━━━━━ Extracted data

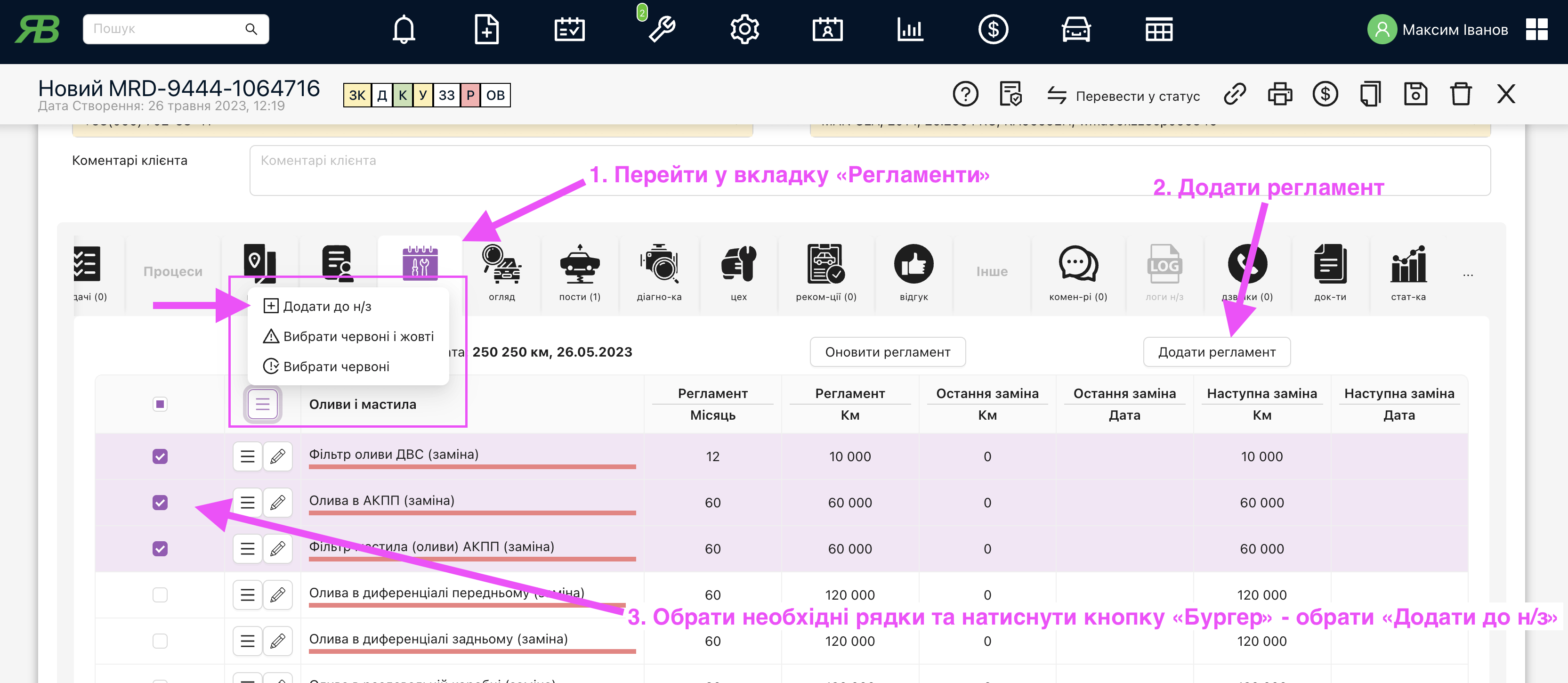 Коли в нас є доданий регламент в наряд-замовленні, і є роботи, які необхідно виконати, ми можемо додати їх у наряд-замовлення та запропонувати клієнту їх виконати, або додати до рекомендацій потім. Отже, перейти у вкладку “Регламент”, якщо не доданий – то додати регламент, через кнопку “Додати регламент”. Далі обрати необхідні рядки та натиснути кнопку “Бургер” де треба вибрати “Додати до н/з”.
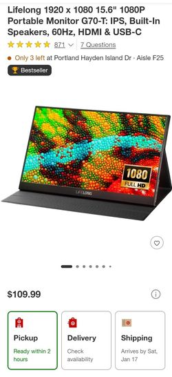 Lifelong 1920 x 1080 15.6" 1080P Portable Monitor G70-T: IPS, Built-In Speakers, 60Hz, HDMI & USB-C$85Vancouver, WA
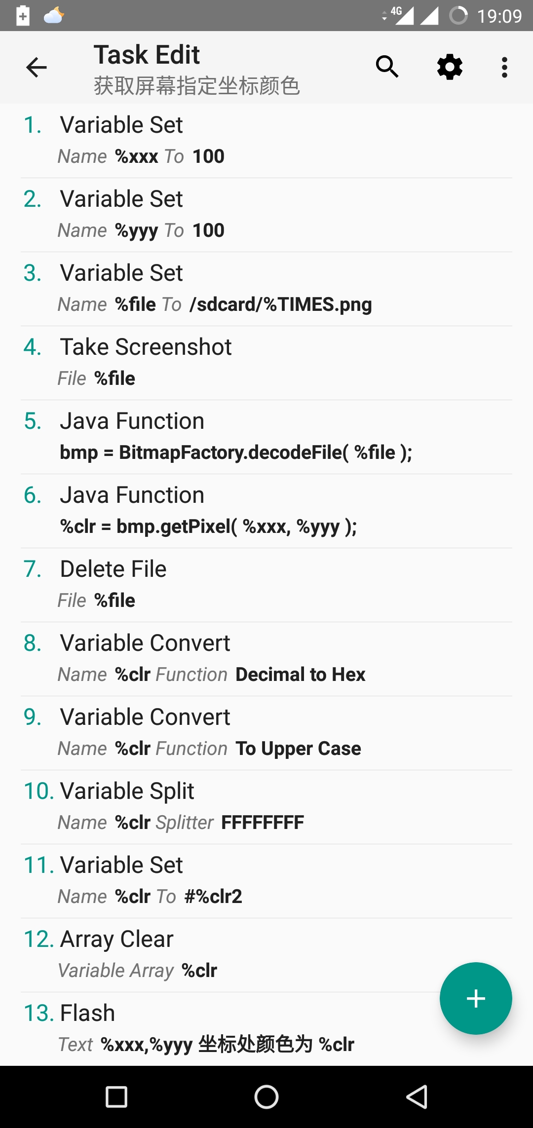 不知道Tasker新版有没有取色的功能,根据我的经验是这样写的...
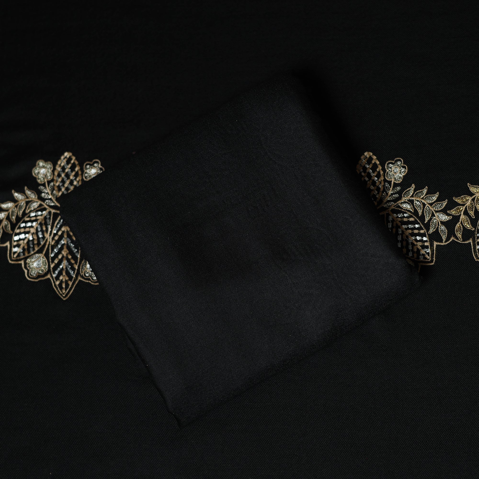 Black 3pc chain stitch embroidered merino wool unstitched dress material is perfect for elegant winter wear. Made from fine merino wool, it offers warmth, comfort and a rich texture. The set includes fabric for the top, bottom and dupatta is beautifully detailed with intricate embroidery. Ideal for stitching into stylish suits for casual or festive occasions, it’s a graceful and cozy choice for the winter season.
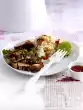 Add zucchini strips and 5 tablespoons of water to the hot frying fat. Steam zucchini for 3-4 minutes until soft, season with salt and pepper, add shrimps again and keep warm. Puree the parsley roots in the broth very finely with the chopping stick.
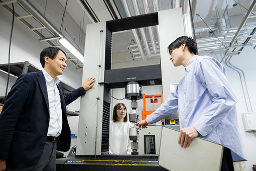 【材料力学および機械材料分野】十分な強度を有する機械や構造物を設計・製作するため、(1)各部材における変形や内力の解析(2)各種材料の力学特性や強度特性(3)機械や構造物の設計指標などについて学びます。

━━━━━━━━━━

• [What you need to do]
Begin at the first line of the records. Print every line through the one containing "不知道Tasker新版有没有取色的功能,根据我的经验是这样写的..." exactly, but skip the pictures.

• [Answer for this exercise]
 Коли в нас є доданий регламент в наряд-замовленні, і є роботи, які необхідно виконати, ми можемо додати їх у наряд-замовлення та запропонувати клієнту їх виконати, або додати до рекомендацій потім. Отже, перейти у вкладку “Регламент”, якщо не доданий – то додати регламент, через кнопку “Додати регламент”. Далі обрати необхідні рядки та натиснути кнопку “Бургер” де треба вибрати “Додати до н/з”.
 Lifelong 1920 x 1080 15.6" 1080P Portable Monitor G70-T: IPS, Built-In Speakers, 60Hz, HDMI & USB-C$85Vancouver, WA
 不知道Tasker新版有没有取色的功能,根据我的经验是这样写的...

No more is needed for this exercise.